"You know him?" the policeman asked.
"Yeah, he's down. We're in class together. Known him for years."
"You look a little addled, miss."
"Well . . . I don't know. Maybe I am. Yeah."
"But it doesn't have anything to do with what happened at the museum, right?" he asked with a smile.
She looked away, feeling heat across her face.
"Now," the detective said, setting the steaming plate in front of her. "Chow down. Nothing like turkey tetrazzini to soothe a troubled soul. You know, I might just ask 'em for the recipe."
Chapter Eleven
These'd do just fine.
Thompson Boyd looked down at his purchases in the basket, then started for the checkout counter. He just loved hardware stores. He wondered why that might be. Maybe because his father used to take him every Saturday to an Ace Hardware outside of Amarillo to stock up on what the man needed for his workshop in the shed outside their trailer.
Or maybe it was because in most hardware stores, like here, all the tools were clean and organized, the paint and glues and tapes were all ordered logically and easy to find.
Everything arranged by the book.
Thompson liked the smell too, sort of a pungent fertilizer/oil/solvent smell that was impossible to describe, but one that everyone who'd ever been in an old hardware store would recognize instantly.

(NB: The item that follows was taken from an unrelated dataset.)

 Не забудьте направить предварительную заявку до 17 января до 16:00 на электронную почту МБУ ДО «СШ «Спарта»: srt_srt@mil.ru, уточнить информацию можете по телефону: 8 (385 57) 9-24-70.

The killer was pretty handy. This was something he'd picked up from his dad, who, even though he spent all day with tools, working on oil pipelines, derricks and the bobbing, dinosaur-head pumps, would still spend lots of time patiently teaching his son how to work with--and respect--tools, how to measure, how to draw plans. Thompson spent hours learning how to fix what was broken and how to turn wood and metal and plastic into things that hadn't existed. Together they'd work on the truck or the trailer, fix the fence, make furniture, build a present for his mom or aunt--a rolling pin or cigarette box or butcher block table. "Big or small," his father taught, "you put the same amount of skill into what you're doing, son. One's not better or harder than the other. It's only a question of where you put the decimal point."
His father was a good teacher and he was proud of what his son built. When Hart Boyd died he had with him a shoeshine kit the boy had made, and a wooden key chain in the shape of an Indian head with the wood-burned letters "Dad" on it.

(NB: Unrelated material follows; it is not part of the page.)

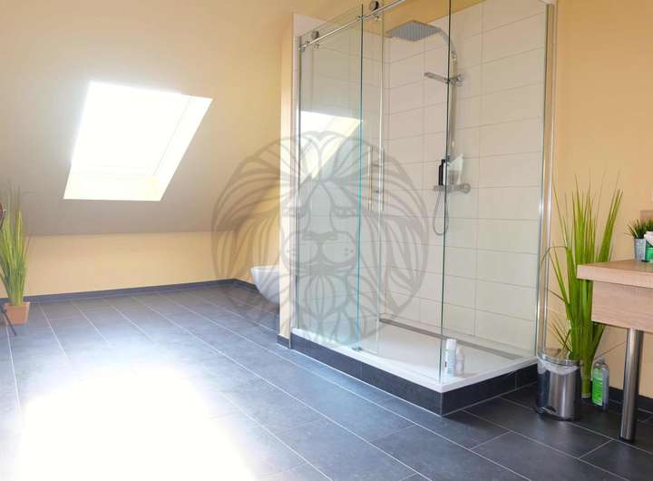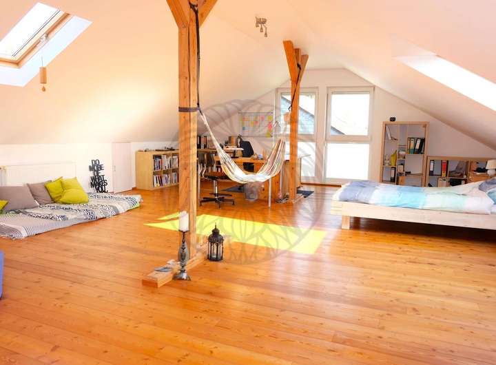 Das Erdgeschoss verfügt über zwei weitere geräumige Kinderzimmer beide mit Zugang zum Balkon, ein Tageslichtbadezimmer mit Badewanne und Dusche, ein Arbeitszimmer und ein Gäste-WC. Im Dachgeschoss, ausgebaut 2008, befindet sich das Elternschlafzimmer mit Arbeitsbereich und ein großes Tageslichtduschbad.

It was fortunate, as it turned out, that Thompson learned these skills because that's what the business of death is all about. Mechanics and chemistry. No different from carpentry or painting or car repair.
Where you put the decimal point.
Standing at the checkout stand, he paid--cash, of course--and thanked the clerk. He took the shopping bag in his gloved hands. He started out the door, paused and looked at a small electric lawn mower, green and yellow. It was perfectly clean, polished, an emerald jewel of a device. It had a curious appeal to him. Why? he wondered. Well, since he'd been thinking of his father it occurred to him that the machine reminded him of times he'd mow the tiny yard behind his parents' trailer, Sunday morning, then go inside to watch the game with his dad while his mother baked.
He remembered the sweet smell of the leaded gas exhaust, remembered the gunshot-sounding crack when the blade hit a stone and flung it into the air, the numbness in his hands from the vibration of the grips.
Numb, the way you'd feel as you lay dying from a sidewinder snakebite, he assumed.
He realized that the clerk was speaking to him.
"What?" Thompson asked.
"Make you a good deal," the clerk said, nodding at the mower.
"No thanks."
Stepping outside, he wondered why he'd spaced out--what had so appealed to him about the mower, why he wanted it so much. Then he had the troubling idea that it wasn't the family memory at all. Maybe it was because the machine was really a small guillotine, a very efficient way to kill.
Maybe that was it.
Didn't like that thought. But there it was.
Numb . . .
Whistling faintly, a song from his youth, Thompson started up the street, carrying the shopping bag in one hand and, in the other, his briefcase, containing his gun and billy club and a few other tools of the trade.
He continued up the street, into Little Italy, where the crews were cleaning up after the street fair yesterday. He grew cautious, observing several police cars. Two officers were talking to a Korean fruit stand owner and his wife. He wondered what that was about. Then he continued on to a pay phone. He checked his voice mail once more, but there were no messages yet about Geneva's whereabouts. That wasn't a concern. His contact knew Harlem pretty good, and it'd only be a matter of time until Thompson found out where the girl went to school and where she lived. Besides, he could use the free time. He had another job, one that he'd been planning for even longer than Geneva Settle's death, and one that was just as important as that job.